BODY WEIGHT AND WEIGHT GAIN
- Over the course of the study, weight gain was slightly retarded in exposed rats

GROSS PATHOLOGY
- Gross pathology of rats that died was limited to the lungs, which appeared dark red. The lungs remained distended when the thorax was opened, but no oedema fluid was found. On palpitation the lungs had a firm consistency. A purulent empyema was observed in one rat.
- In exposed rats that survived to termination the lungs were also discoloured and remained distended.
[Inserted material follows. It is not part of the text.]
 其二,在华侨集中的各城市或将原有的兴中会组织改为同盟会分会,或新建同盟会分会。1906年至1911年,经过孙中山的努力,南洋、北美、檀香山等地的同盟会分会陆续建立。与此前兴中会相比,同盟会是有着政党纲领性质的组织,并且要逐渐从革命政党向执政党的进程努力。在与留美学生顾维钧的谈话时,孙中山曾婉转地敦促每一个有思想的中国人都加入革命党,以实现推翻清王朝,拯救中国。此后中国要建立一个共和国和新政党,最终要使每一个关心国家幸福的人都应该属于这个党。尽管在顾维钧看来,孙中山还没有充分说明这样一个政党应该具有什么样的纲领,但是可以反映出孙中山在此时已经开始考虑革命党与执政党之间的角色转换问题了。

Discolouration ranged from speckled red areas to a homogeneous, dark red, haemorrhagic appearance.
- Cut sections of lungs were a homogeneous dark red colour and either oedema fluid or blood could be expressed from them.
- Lungs from 3 of the 12 surviving animals had cysts which contained a 'cheesy material'.
- The remaining organs appeared to be within normal limits.

HISTOPATHOLOGY: NON-NEOPLASTIC
- Microscopic pathology of the lungs showed definite pulmonary irritation.

Effect levels

Dose descriptor:
LOAEC
Effect level:
28 700 ppm
Sex:
male
Basis for effect level:
other: see 'Remark'

Target system / organ toxicity

Critical effects observed:
not specified

Applicant's summary and conclusion

Conclusions:
Methylacetylene is of low repeated dose toxicity to rats and the site of toxicity is limited to the lungs, even at extremely high exposure concentrations (28,700 ppm, equivalent to 47026 mg/m3).
Executive summary:

A group of 20 male rats were exposed to 28,700 ppm methyl acetylene for 6 hrs/days, 5 days/week for 6 months. There was 40% mortality during the exposure period. Clinical signs during the first 2 months exposure included ataxia, unsteadiness/ unable to balance and gross tremors but these reduced in severity as exposure continued. Animals showed reduced body weight gain over the first 2 months. At necropsy following 6 months exposure, there was microscopic evidence of pulmonary irritation.

28,700 ppm, equivalent to 47026 mg/m3 is considered a LOAEC in this study.